Science is the new Black, or Physics and Art in Computer Vision
Clarke’s Third Law says that “Any sufficiently advanced technology is indistinguishable from magic”. We would rather say that any advanced technology is a kind of art.
There are two parts to this idea. The first part of the art lies, of course, in the beauty of the results, that’s the side that Clarke was talking about. The second part is related to the process of solving the particular technological problem, it can be seen in the way the beautiful solutions are born from a holistic view of the universe and human knowledge.

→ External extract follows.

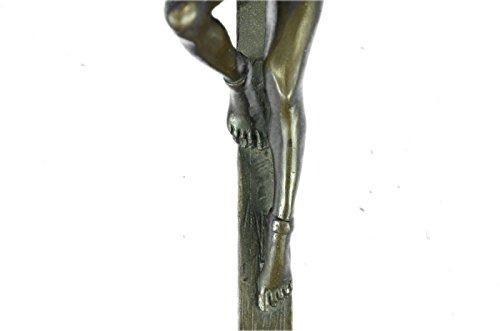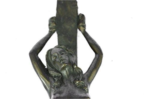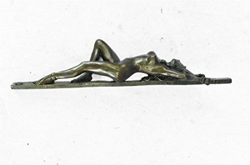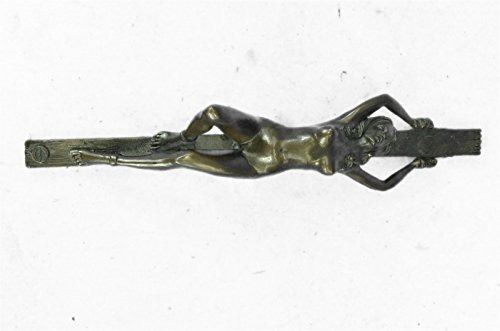 This erotic woman rest atop a long wooden stick tide up from the wrist and one leg, she lays there helpless and nude, but her astonishing and gorgeous beauty cant help but want to keep staring. Perfect for your desk, or at a Dinner Party, or maybe, a special treat, just for yourself! A stunning creation with exquisite detail cast by the traditional lost wax. Bronze Dimensions: Height 11 X Width 3 inches. Weight: 4 LBS. Inventory: 53ST0262435
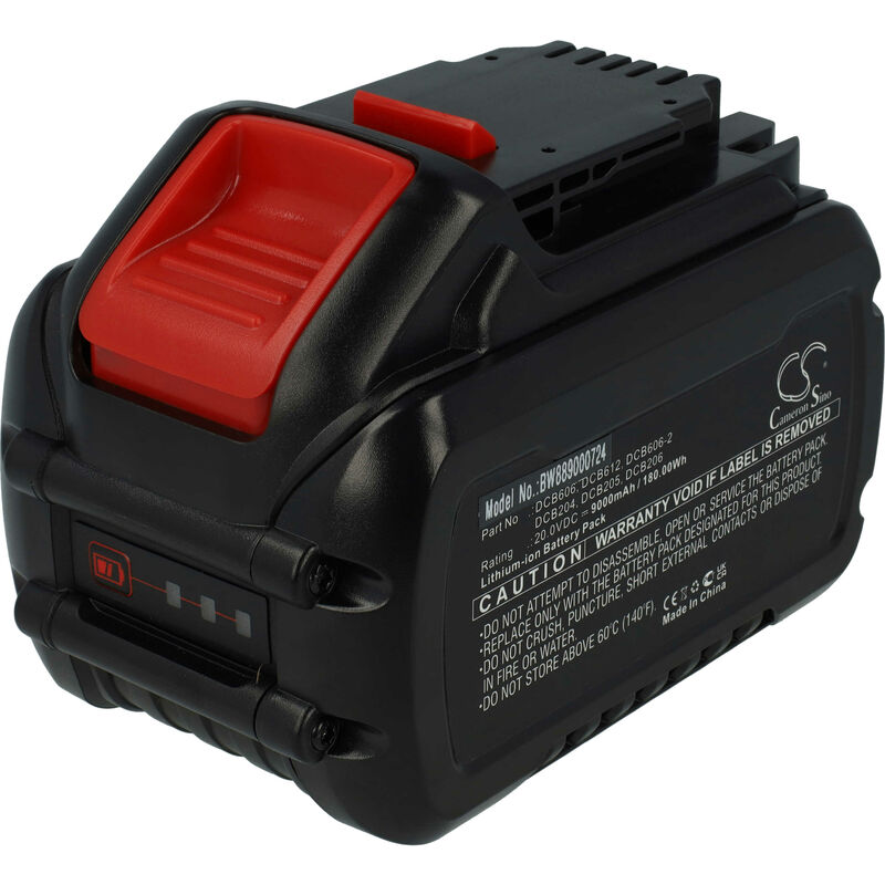 Vhbw - the clever way - Batteria ricaricabile di ricambio, compatibile e di alta qualità, ad alta capacità, per strumenti da lavoro come trapani, levigatrici, smerigliatrici, avvitatori elettrici, reggiatrici, radio, seghe e tagliaerba - È adatta anche come batteria di riserva - Le nostre batterie soddisfano tutte le principali norme di sicurezza operativa Accessorio compatibile di alta qualità ad alte prestazioni di vhbw. CONTENUTO DELLA SPEDIZIONE: - 1x batteria SPECIFICHE TECNICHE: - Peso: 1300 g - Tecnologia: Li-Ion - senza effetto memoria - Capacità: 9000 mAh - Tensione: 20 V - Energia: 180 Wh - Colore: nero / rosso - Numero di celle: 6 - Con indicatore di carica a LED - Dimensioni: 13,8 x 9,7 x 8,5 cm COMPATIBILE CON: - Dewalt DCF610 - Dewalt DCF610S2 - Dewalt DCE089D1G-QW - Dewalt DCE089D1R-QW - Dewalt DCF610D2-QW - Dewalt DCF620 Per garantire la compatibilità, verificare se la batteria ricaricabile attualmente in uso è presente nell'elenco. SOSTITUISCE: - Dewalt DCB102

Our computer vision engineers work in the field where both these principles are really easy to observe. And today our R&D team, spearheaded by Alex Makoveychuk will show us how they are inspired by art to seek beautiful solutions and apply physics laws to solve complex Computer vision problems.
How we approach unfamiliar problems
Almost all R&D projects are a kind of experiments where you often don’t exactly know where you are going and whether there’s a solution.
So how do we approach this sort of unfamiliar problems?
- First, when dealing with a complex multidimensional data, you have to make sense of it. You can spend a couple of hours trying to understand the data and save yourself a couple of days (or weeks even) of fruitless development work.
- The second idea is that you should look for beauty. The most beautiful solution to the problem is surprisingly often the best one.
- And another idea that really helps us is remembering to look for inspiration in other fields of human knowledge. You never know where the spark may come from.
We want to show you some examples based on our actual experiments, where ideas from evolution, special relativity and graph theories have been efficiently used to solve video processing tasks.
So how can Charles Darwin, Albert Einstein, and Leonhard Euler help us with computer vision problems?
How Evolution Theory helps us understand multidimensional data
The first example is about Evolution theory and the difficulties with understanding multidimensional data.
Majority of modern problems involves a huge amount of data. And not only the number of data points in your data set may be huge, but a number of features which describe each of these data points may be huge, too. This is what is called a multidimensional data.
You can imagine this data as a giant spreadsheet where rows are data points, and columns are features, and the number of columns is very large. The problem is that this sort of multidimensional tabular data is hard to understand.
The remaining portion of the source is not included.